Example: One-to-one Mapping
SmartStack’s Nerve component can be configured to advertise different components of the same service on different ports. In PaaSTA we call these “Nerve namespaces”. Here is an example of a service with two namespaces:
#smartstack.yaml
main:
proxy_port: 20001
api:
proxy_port: 20002
The corresponding Marathon configuration in PaaSTA might look like this:
#marathon.yaml
main:
instances: 10
cmd: myserver.py
api:
instances: 3
cmd: apiserver.py
In this way, a service can provide two different “modes”, while using the same codebases. Here there is a one-to-one mapping between the “Nerve namespaces” and the “PaaSTA instances”. By default the PaaSTA will advertise a service under the Nerve namespace with the same name as the instance.
Example: Canary
However, there are situations where you would like to pool instances together under the same Nerve namespace. Consider this example:
#smartstack.yaml
main:
proxy_port: 20001
#marathon.yaml
main:
instances: 10
cmd: myserver.py
canary:
instances: 1
registrations: ['service.main']
cmd: myserver.py --experiment
With this example, the canary
instance gets advertised under the main
Nerve
namespace, which gives an effective pool of 11 instances listening behind port 20001.
This allows the canary instance, which may be configured differently than the main instance, to participate in the normal “main” pool.
Example: Sharding
Sharding is another use case for using alternative namespaces:
#smartstack.yaml
main:
proxy_port: 20001
#marathon.yaml
shard1:
instances: 10
registrations: ['service.main']
shard2:
instances: 10
registrations: ['service.main']
shard3:
instances: 10
registrations: ['service.main']
These shards all end up being load-balanced in the same “main” pool. More complex YAML definitions can take advantage of YAML’s anchors and references to reduce duplication.

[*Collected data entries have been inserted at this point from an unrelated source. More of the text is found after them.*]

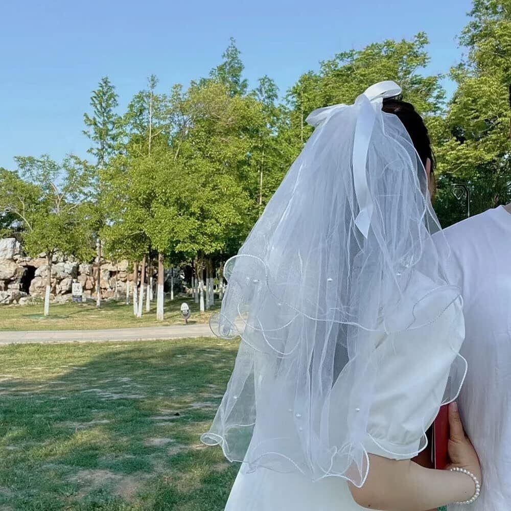 この短いベールには、絶妙な白い人工真珠が点在し。柔らかな白、控えめでエレガントな純粋なデザイン、シックな結婚式のベールはあなたの結婚式のための優れた装飾です。
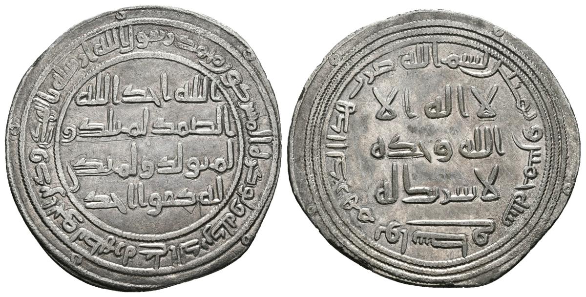 CALIFATO OMEYA DE DAMASCO. Abd Al-Malik I. Dirham. 85H. Wasit. Album 1261. Ar. 2,62g. Bonita pátina. Rayitas en anverso. EBC/MBC+.
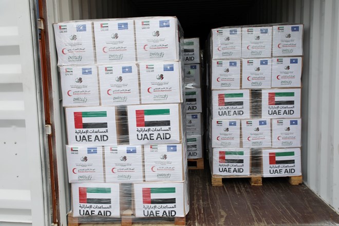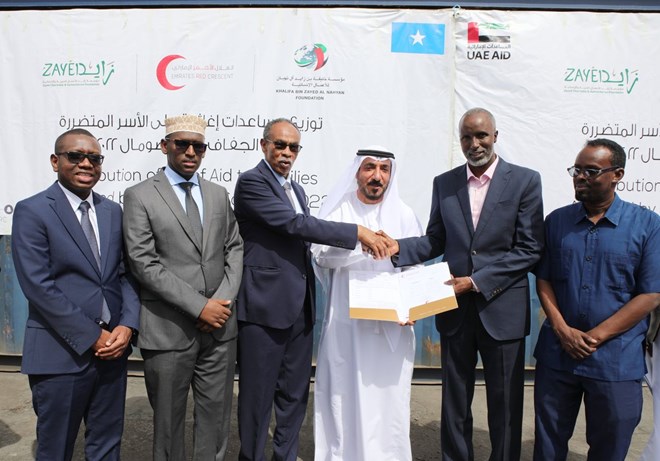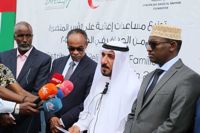 "Waxaan Maanta la wareegnay deeq raashiin ah oo inooga timid dowladda walaalaha nahay ee Imaaraadka Carabta taasoo dhan kun tan oo isugu jirta cunooyin kala duwan oo loogu talo galay dadka abaaraha saameeyeen, waan uga mahadcelinaya garab istaaga dowladda Imaaraadka Carabta ay inoo mujineyso, waxaana ka fileyna deeqo kale oo gargaar ah" ayuu yiri Wasiir Cabdullaahi Axmed Jaamac Ilkajiir.
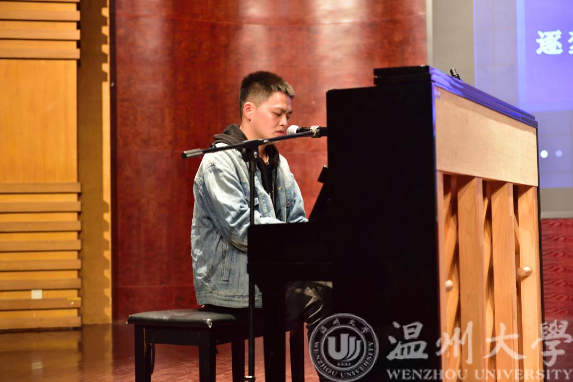 所有选手演唱完毕后,邀请了本次出场活动的嘉宾——网易云音乐人、球盟会官网音乐学院2021级在读研究生贾吉旺学长为观众带来钢琴弹唱《小情歌》。音符在指尖跳动,激情在空气中弥漫,指尖落下的那一刻歌声琴声两相宜,似风华正茂,是茂韵飞扬。
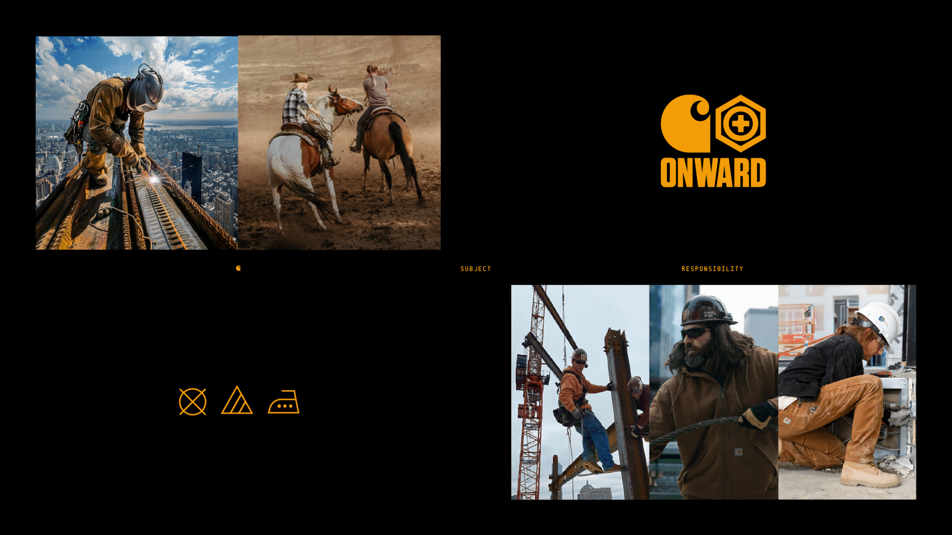 Included applications: Onward (Inclusion, Sustainability, and Community) The Carhartt Network Montana Wear Carhartt Women Chip Gaines Force™ Technology Icons
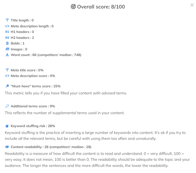 Jest także Content Score, który pomoże nam określić poziom naszego tekstu:
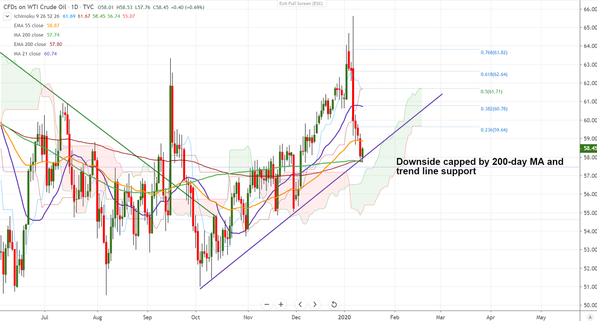 US Oil recovered slightly after the decline of more than 10% from temporary top $65.72 formed on Jan 8th, 2020. The jump mainly came on US-Iran geopolitical escalation but slight easing has dragged the oil prices sharply till $57.76. It is currently trading around $58.45.
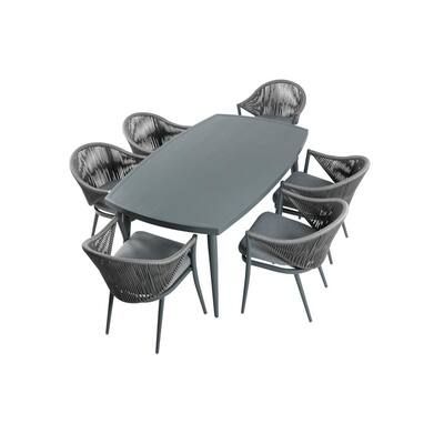 Nuu Garden 7-pc Aluminum Outdoor Patio Dining Set with Grey Cushion
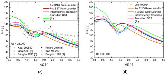 The local Nusselt number distribution, comparison between CFD RANS results and experimental data [3,4,5,6,7,8,9]. H/D = 2, D = 0.02, and (a) Re = 10,000, (b) Re = 20,000, (c) Re = 23,000, (d) Re = 30,000.
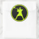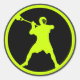 Locked, cocked and ready to rock. Silhouette of lacrosse player in the midst of firing a shot on goal. Circular emblem design in black and neon green.
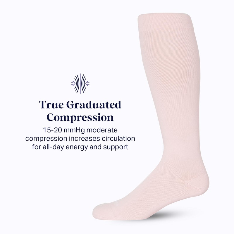 - All-Day Support: With 15-20 mmHg of True Graduated Compression, Comrad Nylon Knee-High Compression Socks offer all-day comfort. These compression socks for men and women promote circulation and help prevent sock odor with SmartSilver technology. Rose solid. 91% Nylon / 9% Spandex.
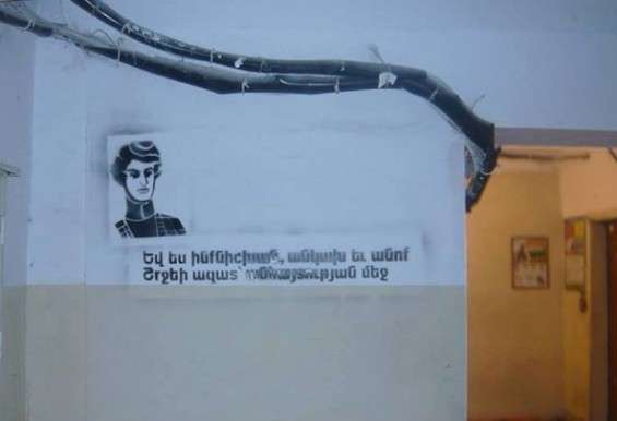 Ոստիկանը 10-15 անգամ կարդաց «ըմբոստի համար պատրաստ եմ կյանքով», «էրթանք, քուրիկ ջան, անվախ, միասին, մեր արդար դատին զոհած ամեն բան», բայց չհասկացավ՝ քաղաքական կո՞չ էր դա, թե՞ ոչ ու ով է ընդհանրապես Շուշանիկ… ինչյանը՞… Կուրղինյանը: Բայց համենայն դեպս ջնջեցին տողերը շատ զզվելի գույնի մի ներկով ու մեզ էլ, պարզվեց, տուգանք է հասնում: Ասաց՝ Պարույր Սևակ փչեիք՝ կհասկանայինք…
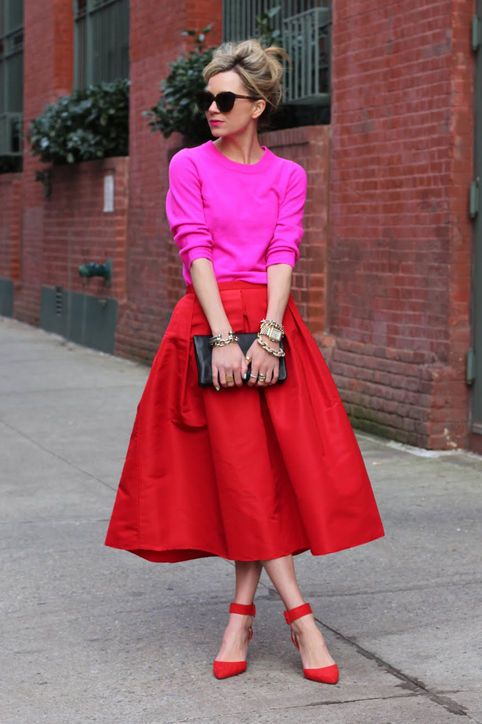Црвено широко здолниште е вистински погодок за убав старт на работната недела и новиот месец. Црвената боја е доминантна, а комбинацијата со розова памучна блузичка делува самоуверено и стилски префинето. Во комплет со ниски црвени штикли со ремче и црна плик чанта ќе изгледате подготвени за секој предизвик што ве очекува.
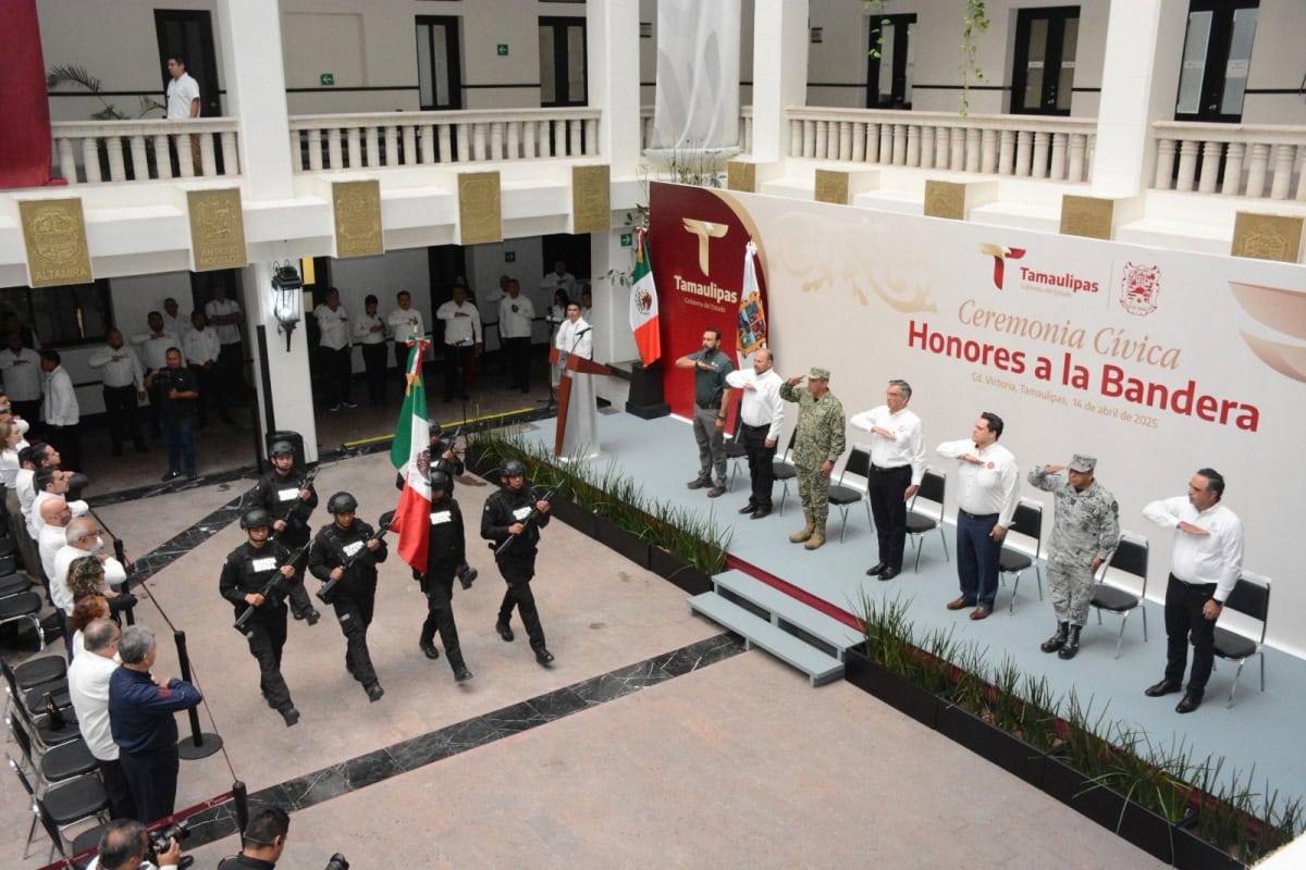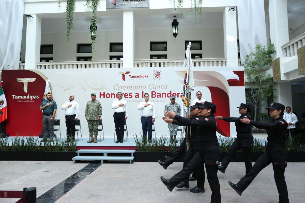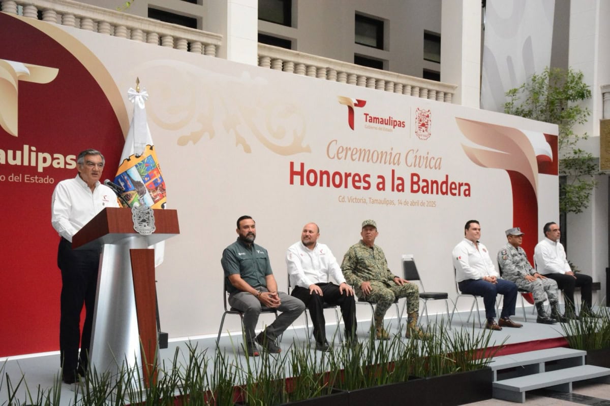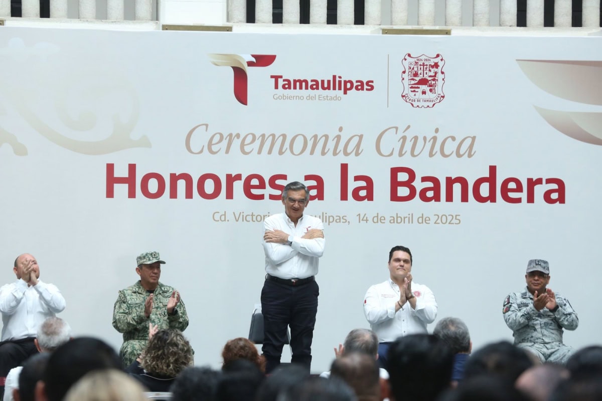 Al presidir la ceremonia cívica de honores a la bandera este lunes, en la explanada interior del Palacio de Gobierno, acompañado por los titulares de los Poderes Legislativo y Judicial, el gobernador destacó que Tamaulipas sigue adelante, contando en todo momento con el gran respaldo de la presidenta de México, Claudia Sheinbaum Pardo.

Addendum: Non-Smartstack Monitoring
If a service is not in SmartStack, then our monitoring requirements are greatly simplified. PaaSTA simply looks at the number of tasks that are running and compares it to the requested task count. If the running task count is under the configured percentage threshold (defaults to 50%) then an alert will be sent. No consideration for the distribution of the tasks among latency zones (habitats, regions, etc) is taken into account.